The episode digs into Siemens’s evolution from a collection of hardware-focused divisions into a platform-oriented ‘‘one tech company’’ that blends industrial hardware, software, and services across many verticals. Central themes are digital twins, AI (including LLMs as components), and closed-loop ‘‘industrial agents’’ that ingest real-time machine and product data to monitor, simulate, and act on manufacturing lines. The conversation covers organizational change (horizontal ‘‘fabrics’’ for data, technology, and sales) to scale AI advantages, plus the geopolitical pressures (localization, tariffs, semiconductor dual-sourcing) reshaping manufacturing footprints.

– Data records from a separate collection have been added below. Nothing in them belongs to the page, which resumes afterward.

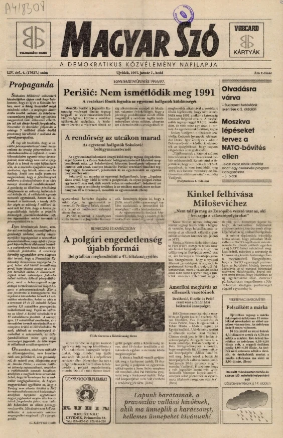 Magyar Szó, 54. évf. 1997. január 7. 4. sz. 1–16. oldal
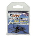 Don't let the name fool you! AFW Mighty Mini Stainless Steel Snap Swivels are 3x stronger than Brass Swivel which allows for a smaller size compared to the brass snap swivels. This allows for a smaller profile, less drag and more bites! Fish like the pros and get the Mighty Mini Stainless Steel Snap Swivels today and increase the hook up!
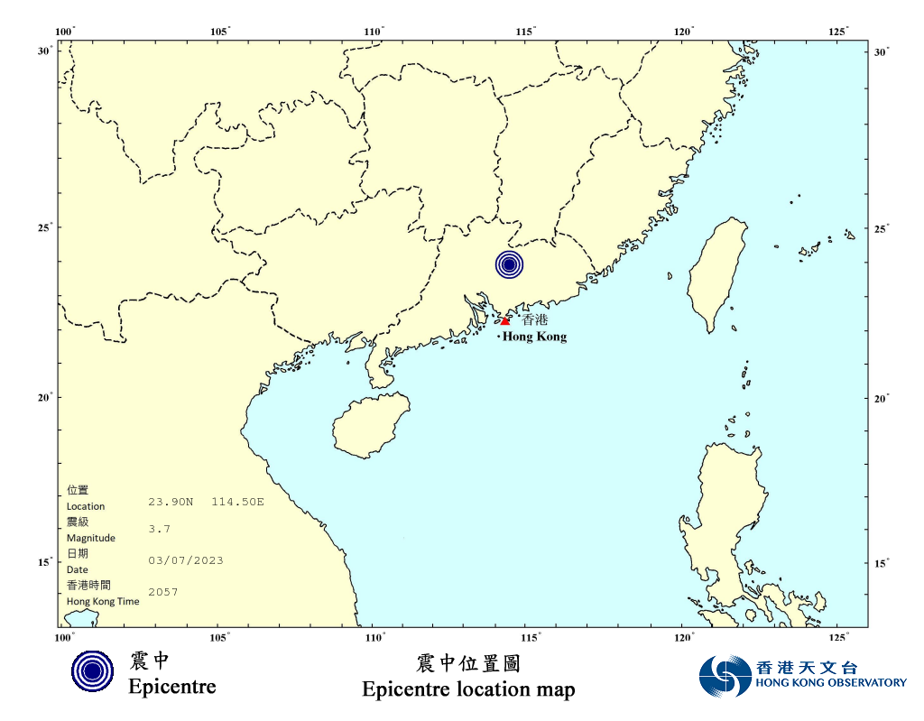 香港天文台圖片。 據香港天文台的初步分析,地震發生在河源之西北偏西約23公里,震源深度約9公里。 香港天文台接獲超過十名市民報告,表示感到輕微震動,震動維持數秒。初步分析顯示,香港的地震烈度為修訂麥加利地震烈度表的第三度,即室內有感,類似小型貨車駛過的振動。(完) 【編輯:孟宜君】

Practical engineering details — photorealistic sim-to-real training, the limits of generic LLMs, and the need for high-quality, domain-specific datasets — illustrate how Siemens aims to reach industrial-grade reliability while balancing customer data ownership and trust.

Key Takeaways

  • 1Siemens is transforming into a platform-style tech company that pairs industrial hardware with shared software and data fabrics.
  • 2Digital twins plus orchestration agents create closed-loop automation that augments human operators on the shop floor.
  • 3Generic LLMs are insufficient for industrial automation; domain-specific, high-quality data and augmentation are required.
  • 4Photorealistic simulation materially improves sim-to-real transfer for robotic tasks.
  • 5Geopolitical fragmentation is forcing localization and platform forking decisions that trade scale for resilience.
  • 6Customer data ownership and trust are central to industrial AI scale-up; data alliances are a governance path forward.

Notable Quotes

""Every third manufacturing line in that world is run by Siemens controls.""

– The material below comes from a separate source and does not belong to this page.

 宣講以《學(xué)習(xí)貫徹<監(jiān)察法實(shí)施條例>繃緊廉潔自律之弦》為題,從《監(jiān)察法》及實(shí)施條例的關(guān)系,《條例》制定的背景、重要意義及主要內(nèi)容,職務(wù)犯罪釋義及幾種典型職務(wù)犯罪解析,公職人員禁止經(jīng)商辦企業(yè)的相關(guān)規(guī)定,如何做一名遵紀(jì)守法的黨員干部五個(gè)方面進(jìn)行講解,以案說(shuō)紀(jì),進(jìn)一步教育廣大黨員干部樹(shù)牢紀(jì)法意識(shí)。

""I think we are controlling, I mean, something like a little bit less than 50% of electrons are touched by Siemens technologies...""

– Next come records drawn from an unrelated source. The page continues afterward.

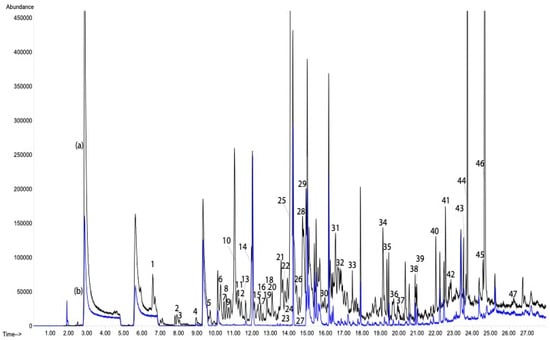 Chromatogram of (a) AL sample—leaves mixture from all collected plants from Albarracín (black line) compared to (b) blank (empty vial) (blue line) obtained by HS-SPME-GC-MS. Legend has been presented in Table 2.
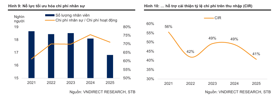 Tại thời điểm cuối năm 2025, tỷ lệ CIR của ngân hàng ở mức khoảng 40.7%, đã cải thiện đáng kể so với mức gần 49% của năm 2024. Việc đạt được mục tiêu này sẽ giúp Sacombank lọt vào top 3 ngân hàng có hiệu quả chi phí tốt nhất hệ thống, từ đó gia tăng đáng kể năng lực sinh lời ròng.
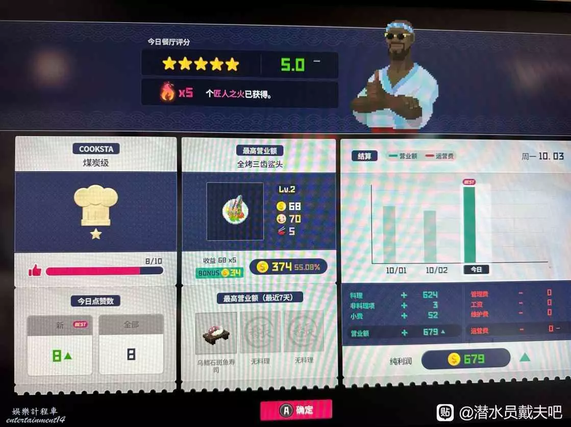 10月3號晚上,全烤三齒鯊頭升2級並賣一份5盤,此外賣三盤虎鯊壽司(不要升級,多的肉直接賣更賺錢)

""We still invest out of our 8% in terms of revenue, or $6.5 billion.""

"Then we used NVIDIA technology with a photorealistic ray tracing of these pieces."

"The hit rate was still not satisfying, 70 odd level... Photorealistic ray tracing... hit rate was jumping up substantially."

"All that data has to come from lots of different customers... but that data actually belongs to your customers."

"We are training our industrial eye applications for China on Chinese LLMs, whereas for the United States obviously we train them on American hyperscalers."